New roles of SHOX as regulator of target genes

• Verfasst von: Rappold, Gudrun [VerfasserIn]
• Verfasst von: Durand, Claudia [VerfasserIn]
• Verfasst von: Decker, Eva [VerfasserIn]
• Verfasst von: Marchini, Antonio [VerfasserIn]
• Verfasst von: Schneider, Katja U. [VerfasserIn]
• Titel: New roles of SHOX as regulator of target genes
• Verf.angabe: G.A. Rappold, C. Durand, E. Decker, A. Marchini, K.U. Schneider
• Jahr: 2012
• Umfang: 6 S.
• Fussnoten: Gesehen am 31.07.2018 ; Keine DOI vorhanden
• Titel Quelle: Enthalten in: Pediatric endocrinology reviews
• Ort Quelle: Netanya : Y.S. Medical Media Ltd., 2010
• Jahr Quelle: 2012
• Band/Heft Quelle: Volume 9 (2012), Supplement 2, Seite 733-738, 6 Seiten
• Datenträger: Online-Ressource
• Sprache: eng
• K10plus-PPN: 1578077966

Abstract

The homeobox gene SHOX encodes a transcription factor which is important for normal limb development.
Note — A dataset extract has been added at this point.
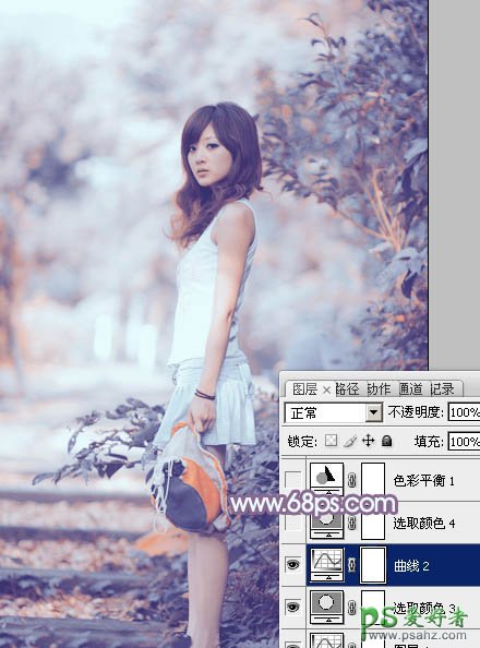 ps非主流调色教程:给清纯的非主流美女图片调出蓝紫色

Approximately 5 to 10% of short patients exhibit a mutation or deletion in either the SHOX gene or its downstream enhancer regions. In humans, SHOX deficiency has been associated with various short stature syndromes as well as non-syndromic idiopathic short stature. A common feature of these syndromes is disproportionate short stature with a particular shortening of the forearms and lower legs. Madelung deformity, cubitus valgus, high-arched palate and muscular hypertrophy also differed markedly between patients with or without SHOX gene defects. A clinical trial in patients with SHOX deficiency and Turner syndrome demonstrated highly significant growth hormone-stimulated increases in height velocity and height SDS in both groups. Employing microarray analyses and cell culture experiments, a strong effect of SHOX on the expression of the natriuretic peptide BNP and the fibroblast growth factor receptor gene FGFR3 could be demonstrated. We found that BNP was positively regulated, while Fgfr3 was negatively regulated by SHOX. A regulation that occurs mainly in the mesomelic segments, a region where SHOX is known to be strongly expressed, offers a possible explanation for the phenotypes seen in patients with FGFR3 (e.g. achondroplasia) and SHOX defects (e.g. Léri-Weill dyschondrosteosis).